CLIP identity: Max cosine similarity of generations vs. references (OpenCLIP ViT-H/14)
LPIPS identity: Perceptual distance to nearest reference (VGG-based)
Clean-FID: Distribution distance vs. 20-image reference set
Intra-set diversity: Average LPIPS between generation pairs (120 sampled pairs/run)
Overfitting proxy: Fraction of samples with cosine > 0.35 to training set

Important caveats on metrics:

FID with 20 references vs. 40 generations is below the sample size where Clean-FID estimates are reliable. Treat FID rankings as directional only, small differences (e.g., 189 vs. 194) are likely within noise.

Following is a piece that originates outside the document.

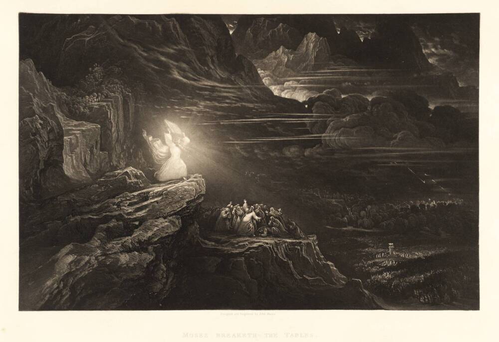 Ti offriamo una riproduzione artigianale su tela dell'opera famosa 'Mosè spezza le tavole' di John Martin, dal Museo delle Riproduzioni.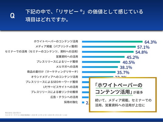 このたびのCS満足度調査では、多くのお客様が特に「ホワイトペーパーのコンテンツ活用」や「メディア掲載(パブリシティ獲得)」、「セミナーでの活用(セミナーのコンテンツ、資料への活用)」といった項目において、「リサピー(R)︎」サービスの価値をご実感いただいていることがわかりました。今回の結果を励みに、さらにお客様に寄り添ったサービスに磨きをかけ、顧客の成功に貢献してまいります。

The overfitting proxy saturated at 1.0 for all runs, meaning the cosine > 0.35 threshold is too permissive for single-character LoRAs. This metric provides no discriminative signal in this study. A continuous mean similarity score would be more informative for future work.

4. Results

4.1 Full Results Table

run_id	data_size	batch_size	epochs	clip_identity	lpips_identity	diversity_lpips	fid
1	400	4	25	0.8470	0.5267	0.5460	191.66
2	400	2	25	0.8430	0.5231	0.5290	207.70
3	400	1	25	0.8530	0.5237	0.5480	198.26
4	200	4	50	0.8650	0.5086	0.4970	193.53
5	200	2	50	0.8580	0.5082	0.5200	200.96
6	200	1	50	0.8550	0.5087	0.5240	191.87
7	100	4	100	0.8590	0.5157	0.5320	199.43
8	100	2	100	0.8530	0.5187	0.5360	210.29
9	100	1	100	0.8590	0.5188	0.5230	207.96
10	50	4	200	0.8580	0.5367	0.5640	189.12
11	50	2	200	0.8600	0.5176	0.5380	192.47
12	50	1	200	0.8680	0.5272	0.5600	189.48
13	25	4	400	0.8760	0.5291	0.5660	194.55
14	25	2	400	0.8860	0.5047	0.5400	189.06
15	25	1	400	0.8720	0.5214	0.5800	201.60

4.2 The Epoch Confound

The central finding: epoch count explains CLIP identity better than dataset size and batch size combined.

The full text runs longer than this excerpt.